Остатки сознания вернулись к Алисе сквозь жёлтый сумрак дрожащего освещения, который заполнил обглоданную комнатку здания комитета. Осознанности ей прибавил грубый голос следователя:

— Ваше имя — Беляева Алиса Александровна пятьдесят четвёртого года рождения?

После затяжного молчания человек повторил вопрос — Алиса кивнула.

— Ранее вы утверждали, что именно вы вызвали скорую и МЧС по адресу: Дальневосточный проспект, дом 34, корпус 1, квартира 145. Всё верно?

— Я не понимаю, почему вы просто не посмотрите записи из моей памяти? — слёзы начали сочиться сквозь опущенные веки девушки.

Человек повторил свой вопрос.

Сидя на жёстком деревянном табурете, девушка была подключена посредством различных проводков и кабелей к дюжине электронных и механических приборов.

— Не понимаю…

— Прямо сейчас мы считываем с вас всю необходимую нам информацию, а пока — ответьте пожалуйста на вопрос.

— Да, я… в-вызвала врачей и… с-спасателей, — подавляемые рыдания мешали девушке говорить.

— Спасателей, врачей, но не гвардию! Хотя произошёл теракт. Почему?

— Я н-не… я даже не думала об этом… я просто хотела спасти друга…

Следователь приблизил своё лицо вплотную к Алисе и прошипел гневным шёпотом:

— Речь идёт о национальной безопасности! Что значит «не думала»?! О чём ещё вы не думаете, когда речь идёт о родине?! О чём молчите, когда речь идёт о родине?!

— Я не п-понимаю… че-чего вы… от меня хотите? — лёгкие отказывались раскрываться полностью, награждая девушку кислородным голоданием и учащённым пульсом.

— Зависит от того, что вы от меня скрываете.

— Я ничего не с-скрываю…

— Неужели? А вот считанные данные говорят об обратном: атеизм, неоднократное упоминание власти в негодном свете, недовольство властью, выражаемое бранной речью среди таких же подозрительных лиц.

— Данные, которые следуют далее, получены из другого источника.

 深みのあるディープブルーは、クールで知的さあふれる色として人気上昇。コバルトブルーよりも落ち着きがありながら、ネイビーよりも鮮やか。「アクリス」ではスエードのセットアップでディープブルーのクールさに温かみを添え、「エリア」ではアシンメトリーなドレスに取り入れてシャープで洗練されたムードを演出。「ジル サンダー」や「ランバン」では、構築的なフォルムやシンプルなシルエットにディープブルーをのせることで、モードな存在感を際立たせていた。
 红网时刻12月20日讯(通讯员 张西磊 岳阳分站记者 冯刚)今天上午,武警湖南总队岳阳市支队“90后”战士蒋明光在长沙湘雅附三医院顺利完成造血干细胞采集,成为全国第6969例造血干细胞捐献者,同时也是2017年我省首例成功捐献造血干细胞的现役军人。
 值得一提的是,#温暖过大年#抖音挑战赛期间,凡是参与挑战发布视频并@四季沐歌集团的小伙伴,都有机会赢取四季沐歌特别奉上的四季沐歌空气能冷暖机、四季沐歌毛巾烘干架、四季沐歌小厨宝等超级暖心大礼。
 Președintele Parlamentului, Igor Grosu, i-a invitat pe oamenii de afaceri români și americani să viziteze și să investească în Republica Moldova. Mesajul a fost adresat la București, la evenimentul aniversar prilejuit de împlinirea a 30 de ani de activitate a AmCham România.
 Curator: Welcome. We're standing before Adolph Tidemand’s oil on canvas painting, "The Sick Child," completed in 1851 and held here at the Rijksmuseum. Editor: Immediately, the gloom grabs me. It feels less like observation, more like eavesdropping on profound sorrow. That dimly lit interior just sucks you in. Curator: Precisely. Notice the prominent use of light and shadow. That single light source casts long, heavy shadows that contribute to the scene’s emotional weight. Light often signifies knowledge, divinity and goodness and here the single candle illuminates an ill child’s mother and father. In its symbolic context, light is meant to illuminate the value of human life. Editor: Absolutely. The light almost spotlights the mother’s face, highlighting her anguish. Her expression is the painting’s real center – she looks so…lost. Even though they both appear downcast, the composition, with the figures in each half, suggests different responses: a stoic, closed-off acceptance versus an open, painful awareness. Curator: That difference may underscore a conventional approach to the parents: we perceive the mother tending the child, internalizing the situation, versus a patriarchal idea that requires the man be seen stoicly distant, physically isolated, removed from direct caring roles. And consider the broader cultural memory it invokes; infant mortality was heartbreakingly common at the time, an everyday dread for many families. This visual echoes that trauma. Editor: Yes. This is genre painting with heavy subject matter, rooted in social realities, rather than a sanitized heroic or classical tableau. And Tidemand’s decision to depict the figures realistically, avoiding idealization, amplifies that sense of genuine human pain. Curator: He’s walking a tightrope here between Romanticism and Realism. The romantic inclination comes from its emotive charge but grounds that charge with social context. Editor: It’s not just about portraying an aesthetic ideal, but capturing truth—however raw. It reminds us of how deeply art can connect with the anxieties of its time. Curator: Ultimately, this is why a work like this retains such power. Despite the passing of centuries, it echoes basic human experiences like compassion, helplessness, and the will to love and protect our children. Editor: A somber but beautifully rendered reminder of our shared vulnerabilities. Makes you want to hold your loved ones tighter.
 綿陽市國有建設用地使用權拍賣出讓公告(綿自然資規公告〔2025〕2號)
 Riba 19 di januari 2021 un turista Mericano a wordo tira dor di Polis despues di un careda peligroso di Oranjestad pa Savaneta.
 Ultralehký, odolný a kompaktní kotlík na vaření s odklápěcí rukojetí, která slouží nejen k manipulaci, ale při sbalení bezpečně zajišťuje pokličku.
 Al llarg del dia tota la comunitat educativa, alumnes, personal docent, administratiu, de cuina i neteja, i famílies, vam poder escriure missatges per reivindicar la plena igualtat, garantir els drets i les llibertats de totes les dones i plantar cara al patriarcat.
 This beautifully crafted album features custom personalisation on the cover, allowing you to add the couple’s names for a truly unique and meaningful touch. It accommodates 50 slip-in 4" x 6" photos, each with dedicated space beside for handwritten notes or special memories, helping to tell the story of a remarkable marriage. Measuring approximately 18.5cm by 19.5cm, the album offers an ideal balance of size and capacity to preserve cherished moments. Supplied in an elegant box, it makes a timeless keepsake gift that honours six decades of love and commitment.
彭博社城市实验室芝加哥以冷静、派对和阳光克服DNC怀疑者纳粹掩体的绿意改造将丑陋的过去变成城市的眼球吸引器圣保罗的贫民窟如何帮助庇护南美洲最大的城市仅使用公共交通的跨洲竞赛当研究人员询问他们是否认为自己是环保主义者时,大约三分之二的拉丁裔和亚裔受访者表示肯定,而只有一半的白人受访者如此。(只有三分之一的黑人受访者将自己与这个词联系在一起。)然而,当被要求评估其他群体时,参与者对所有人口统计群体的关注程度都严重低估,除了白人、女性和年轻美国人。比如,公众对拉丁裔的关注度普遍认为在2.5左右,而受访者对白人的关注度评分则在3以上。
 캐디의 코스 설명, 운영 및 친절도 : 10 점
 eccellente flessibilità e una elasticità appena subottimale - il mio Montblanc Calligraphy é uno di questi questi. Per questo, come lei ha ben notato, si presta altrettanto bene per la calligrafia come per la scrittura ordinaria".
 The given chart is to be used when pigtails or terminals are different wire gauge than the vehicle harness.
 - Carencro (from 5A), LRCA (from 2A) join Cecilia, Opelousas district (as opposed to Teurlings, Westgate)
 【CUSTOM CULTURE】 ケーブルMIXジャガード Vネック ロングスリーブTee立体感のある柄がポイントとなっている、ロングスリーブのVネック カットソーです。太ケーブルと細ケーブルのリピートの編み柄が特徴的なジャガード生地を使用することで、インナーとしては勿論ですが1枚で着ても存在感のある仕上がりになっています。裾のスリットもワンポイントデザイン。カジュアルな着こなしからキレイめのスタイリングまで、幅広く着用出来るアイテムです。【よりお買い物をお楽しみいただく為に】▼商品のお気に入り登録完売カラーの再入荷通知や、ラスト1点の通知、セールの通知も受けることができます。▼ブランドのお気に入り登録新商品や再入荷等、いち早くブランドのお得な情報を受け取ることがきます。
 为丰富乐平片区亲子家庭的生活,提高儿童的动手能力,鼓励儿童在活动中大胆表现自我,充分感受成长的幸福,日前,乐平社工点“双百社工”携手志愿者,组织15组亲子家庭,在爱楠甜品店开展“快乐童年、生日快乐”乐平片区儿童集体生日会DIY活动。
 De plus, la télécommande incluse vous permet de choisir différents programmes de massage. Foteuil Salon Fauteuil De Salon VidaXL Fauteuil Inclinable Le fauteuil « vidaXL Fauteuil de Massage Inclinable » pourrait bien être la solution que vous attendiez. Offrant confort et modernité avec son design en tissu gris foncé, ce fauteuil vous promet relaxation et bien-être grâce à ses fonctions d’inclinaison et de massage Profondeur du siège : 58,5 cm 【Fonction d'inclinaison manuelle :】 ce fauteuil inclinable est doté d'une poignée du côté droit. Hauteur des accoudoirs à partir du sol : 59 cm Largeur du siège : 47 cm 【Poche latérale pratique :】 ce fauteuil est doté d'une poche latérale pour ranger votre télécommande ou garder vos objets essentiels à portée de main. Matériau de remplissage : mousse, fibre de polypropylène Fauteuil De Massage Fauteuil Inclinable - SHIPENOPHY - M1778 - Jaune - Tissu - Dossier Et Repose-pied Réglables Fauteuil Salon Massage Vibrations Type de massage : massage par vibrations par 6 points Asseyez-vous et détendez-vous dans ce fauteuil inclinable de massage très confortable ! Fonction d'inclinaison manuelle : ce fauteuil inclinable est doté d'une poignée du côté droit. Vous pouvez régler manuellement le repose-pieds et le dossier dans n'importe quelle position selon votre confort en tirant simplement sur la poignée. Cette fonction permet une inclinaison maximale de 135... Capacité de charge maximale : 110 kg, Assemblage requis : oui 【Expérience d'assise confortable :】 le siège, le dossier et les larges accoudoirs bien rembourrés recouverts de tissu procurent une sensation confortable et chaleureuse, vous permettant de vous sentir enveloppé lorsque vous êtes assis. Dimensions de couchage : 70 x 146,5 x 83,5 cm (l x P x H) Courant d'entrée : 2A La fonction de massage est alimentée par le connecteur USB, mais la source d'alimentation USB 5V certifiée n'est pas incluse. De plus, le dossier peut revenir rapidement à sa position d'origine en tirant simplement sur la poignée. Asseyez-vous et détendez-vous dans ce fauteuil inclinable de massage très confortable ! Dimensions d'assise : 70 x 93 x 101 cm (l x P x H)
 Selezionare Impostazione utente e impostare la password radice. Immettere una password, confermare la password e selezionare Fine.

— Вы н-не имеете права… ле-лезть в эти воспоминания без ордера… я т-требую… я требую адвоката…

— Вижу, вы знакомы с законами Российской Империи, Алиса Александровна. Вы большой молодец! Значит, вы также знаете, что даже косвенная помощь, провокация или бездействие в устранении акта терроризма карается смертной казнью!

Душившие столько времени рыдания наконец высвободились из спазмированной утробы девушки, заполнив собой мерцающую желтизну мира. Следователь в последний раз бросил на девушку сосредоточенно-оценивающий взгляд, развернулся и вышел из комнатки.

Данила

— Всем привет, с вами Митрофан Космодемьянов, и я обратил внимание на огромный интерес к моему прощальному видеообращению. Большое спасибо за просто огромные и, если честно, неожиданные донаты. Все деньги пересылаются моим родителям. Спасибо! В связи с этим я решил создать что-то типа «солдатского блога», что ли, — парень убрал ракурс камеры со своего лица и направил на внутренний периметр воинской части, закрепив её, видимо, где-то на уровне груди.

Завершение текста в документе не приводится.